• **TASK DIRECTIONS**:
The exercise calls for the lines from the one containing "注文を取りやめる場合には「削" to the end of the data below to be output exactly, pictures excluded.

• **SUPPLIED DATA**:
--*--

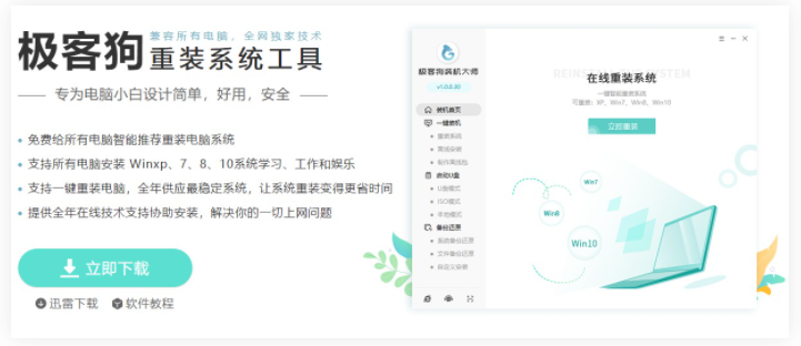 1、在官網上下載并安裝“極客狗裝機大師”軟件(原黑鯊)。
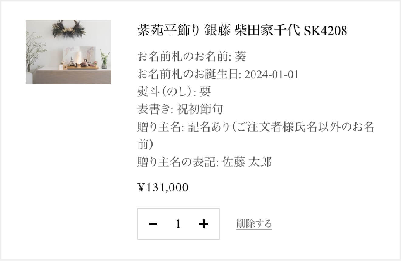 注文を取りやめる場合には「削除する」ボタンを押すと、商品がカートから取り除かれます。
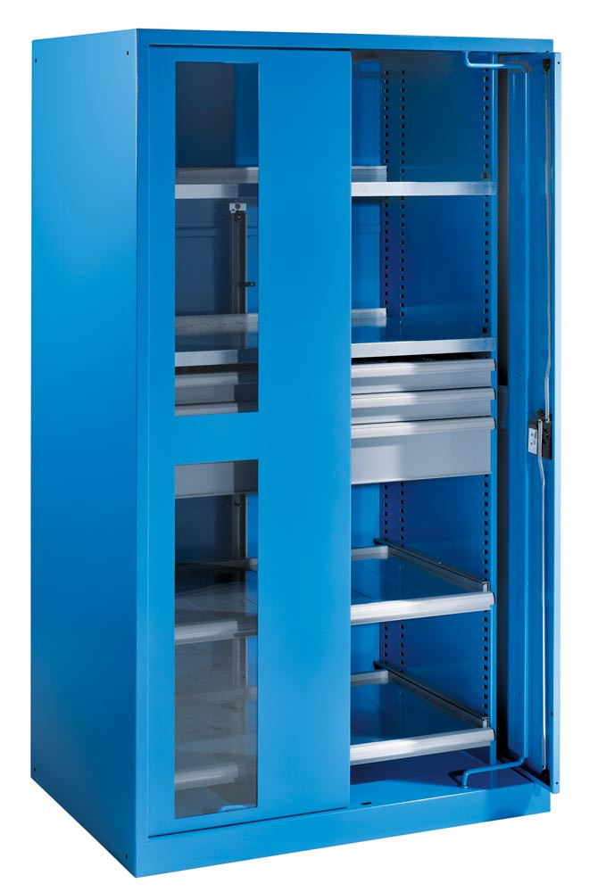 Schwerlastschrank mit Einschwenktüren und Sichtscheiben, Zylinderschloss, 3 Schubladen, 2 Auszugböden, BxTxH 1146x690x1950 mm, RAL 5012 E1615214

--*--

• **EXPECTED OUTPUT**:
 注文を取りやめる場合には「削除する」ボタンを押すと、商品がカートから取り除かれます。
 Schwerlastschrank mit Einschwenktüren und Sichtscheiben, Zylinderschloss, 3 Schubladen, 2 Auszugböden, BxTxH 1146x690x1950 mm, RAL 5012 E1615214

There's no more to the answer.